Mr McMichael’s custody issues
First set of charges
[4] The appellant appeared in the District Court on 1 July 2021 in respect of numerous charges. Concerns were expressed as to Mr McMichael’s fitness to stand trial. As a result, on 20 July 2021, assessment reports were ordered under s 38(1)(a) and (b) of the CP (MIP) Act. The appellant remained in custody until 25 November, when the Judge noted that, while one report had been prepared, the second report would not be available until late December. Because he would have already served more than any sentence of imprisonment the Court would have imposed in respect of the charges, the Judge granted bail. The second assessment report was filed with the Court on 11 January 2022 and confirmed the appellant was fit to plead. He pleaded guilty and was sentenced to time served.
Second set of charges
[5] Bail was refused on Mr McMichael’s first appearance on numerous charges on 11 April 2022. The Judge ordered assessment reports under s 38 of the CP (MIP) Act on his fitness to plead and/or an insanity defence. He was remanded in custody until 10 May 2022, on the basis that the total period of detention under ss 38(2)(b) or (c) and 40 of the CP (MIP) Act cannot exceed 30 days. Two days later, on 13 April 2022, Mental Health Services asked the Court for an additional seven-week extension of time until 28 June 2022 to produce the reports.
[6] On 10 May, Mr McMichael appeared before the District Court seeking the dismissal of the charges under s 147 of the Criminal Procedure Act by reason of abuse of process. He also sought bail. Both applications were declined. The Judge found that Mr McMichael had not discharged the onus on him under s 12 of the Bail Act 2000.
High Court
[7] In an appeal on the second set of charges,2 the High Court determined that there is no requirement s 38 reports must be completed within 30 days. The Judge noted that Mr McMichael was not bailable as of right.3 Bail was declined on his first appearance and there had been no material change in his circumstances when he reappeared and bail was declined.

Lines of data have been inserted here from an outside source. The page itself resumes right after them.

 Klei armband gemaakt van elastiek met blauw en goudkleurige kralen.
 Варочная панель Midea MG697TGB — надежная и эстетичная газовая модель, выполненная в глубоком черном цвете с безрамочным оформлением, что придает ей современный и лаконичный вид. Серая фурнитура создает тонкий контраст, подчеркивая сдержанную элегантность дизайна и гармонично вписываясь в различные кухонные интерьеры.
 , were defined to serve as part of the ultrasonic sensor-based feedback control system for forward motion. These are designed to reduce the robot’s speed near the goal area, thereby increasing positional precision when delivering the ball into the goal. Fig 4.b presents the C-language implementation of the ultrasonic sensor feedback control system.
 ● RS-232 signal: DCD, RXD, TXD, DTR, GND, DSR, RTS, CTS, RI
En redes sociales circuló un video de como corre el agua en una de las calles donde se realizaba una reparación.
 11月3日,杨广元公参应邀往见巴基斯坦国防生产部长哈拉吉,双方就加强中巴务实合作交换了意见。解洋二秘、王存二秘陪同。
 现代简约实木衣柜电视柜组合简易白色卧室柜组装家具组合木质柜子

No order could be made that a person be detained in a prison or secure facility if they would have been released on bail but, in Mr McMichael’s case, he would not have been released on bail and there was still an ongoing need for an assessment report.4 There was no abuse of process justifying the dismissal of the charges.
Court of Appeal
[8] Mr McMichael then applied to the Court of Appeal for leave to bring a second appeal. In the end, the Court’s judgment focused on jurisdiction.5
[9] Mr McMichael’s appeal to the High Court had been brought as an application for leave to appeal a question of law under s 296 of the Criminal Procedure Act. However, the District Court had declined to dismiss the charges against Mr McMichael. Therefore, because the charges had not been determined, the High Court lacked the jurisdiction to hear the appeal. This was overlooked by the parties in the High Court.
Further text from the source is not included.